*** Opening of DATA ***
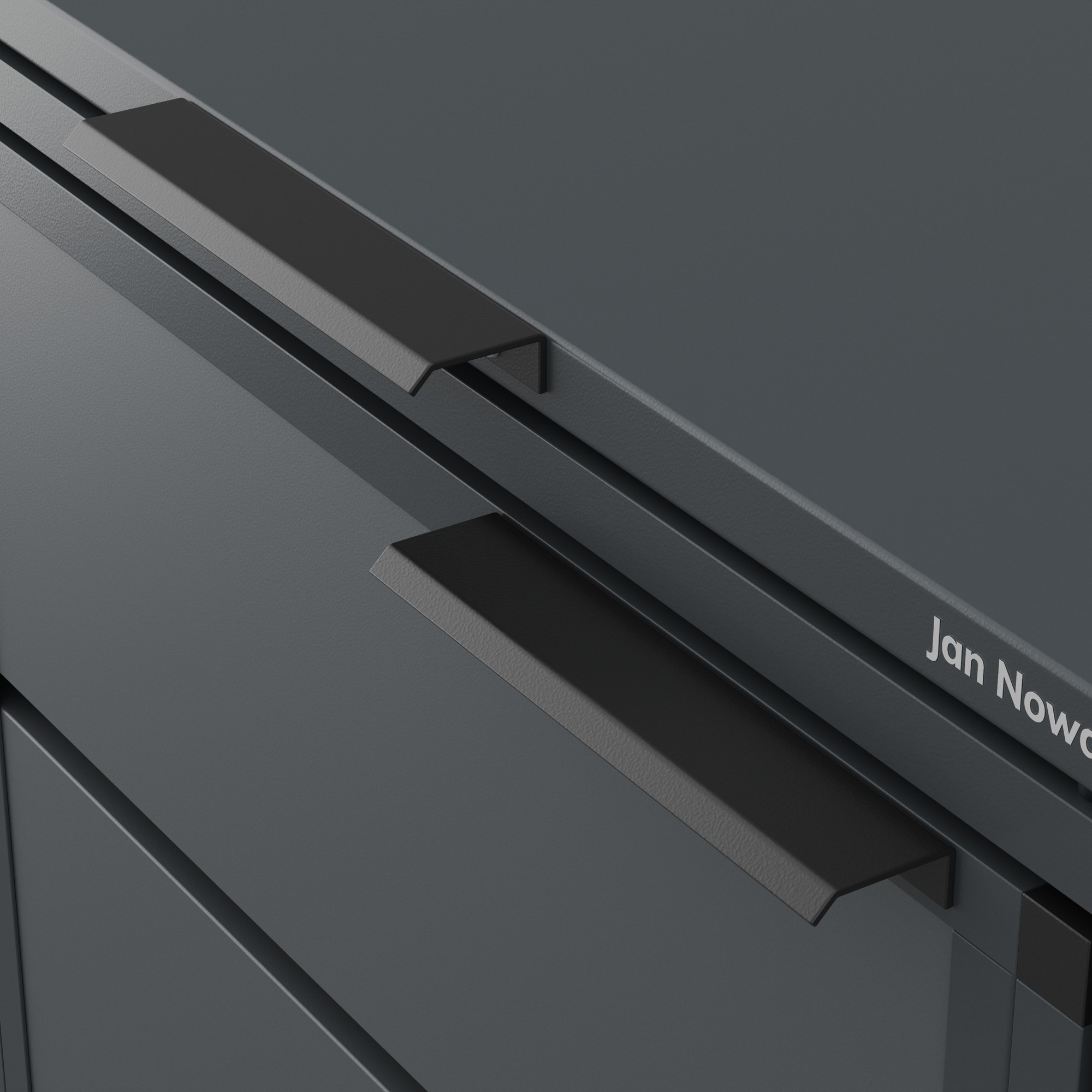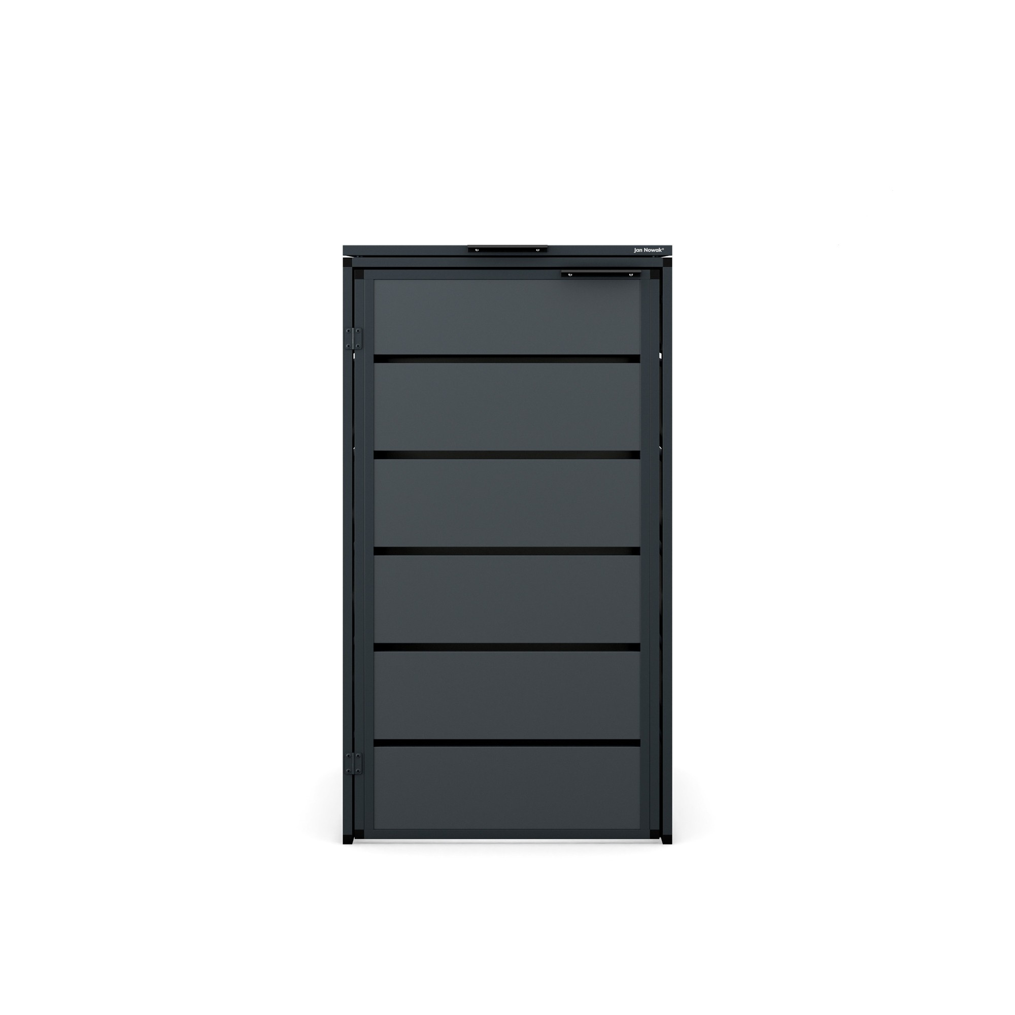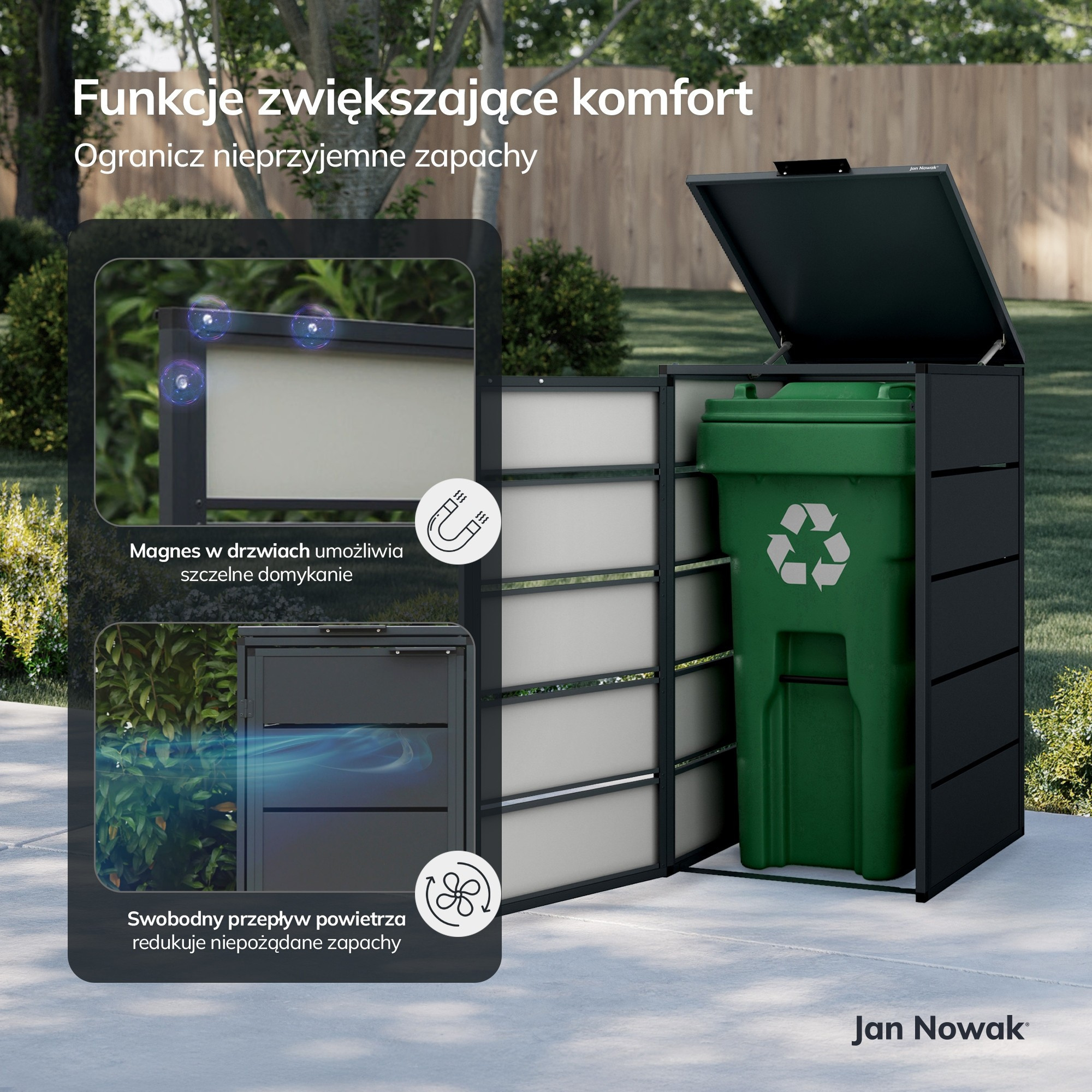 Kontejnerová zabudova se vyznačuje moderním a minimalistickým designem, který se hodí do jakéhokoli prostředí. Její antracitová barva působí elegantně a nenápadně, takže se snadno začlení do vašeho exteriéru.
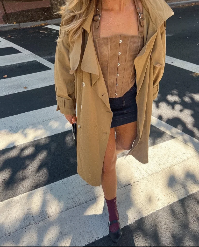 If you love a bold fashion moment, this one’s it. A structured trench coat layered over a suede corset top and denim mini skirt feels confident and very 2026 fashion trends. It’s structured but still playful.
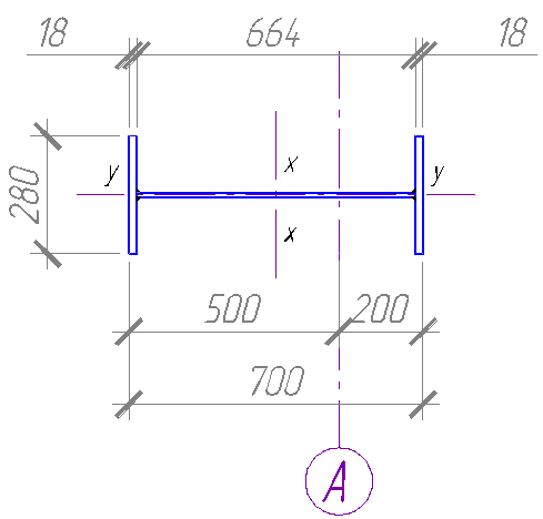 Сечение верхней части колонны принимаем в виде сварного двутавра высотой hв=700 мм (рисунок 20).
*** Close of DATA ***
• TRY IT: Extract all the data above exactly, excluding every picture.

• OUTPUT FOR THIS EXERCISE:
 Kontejnerová zabudova se vyznačuje moderním a minimalistickým designem, který se hodí do jakéhokoli prostředí. Její antracitová barva působí elegantně a nenápadně, takže se snadno začlení do vašeho exteriéru.
 If you love a bold fashion moment, this one’s it. A structured trench coat layered over a suede corset top and denim mini skirt feels confident and very 2026 fashion trends. It’s structured but still playful.
 Сечение верхней части колонны принимаем в виде сварного двутавра высотой hв=700 мм (рисунок 20).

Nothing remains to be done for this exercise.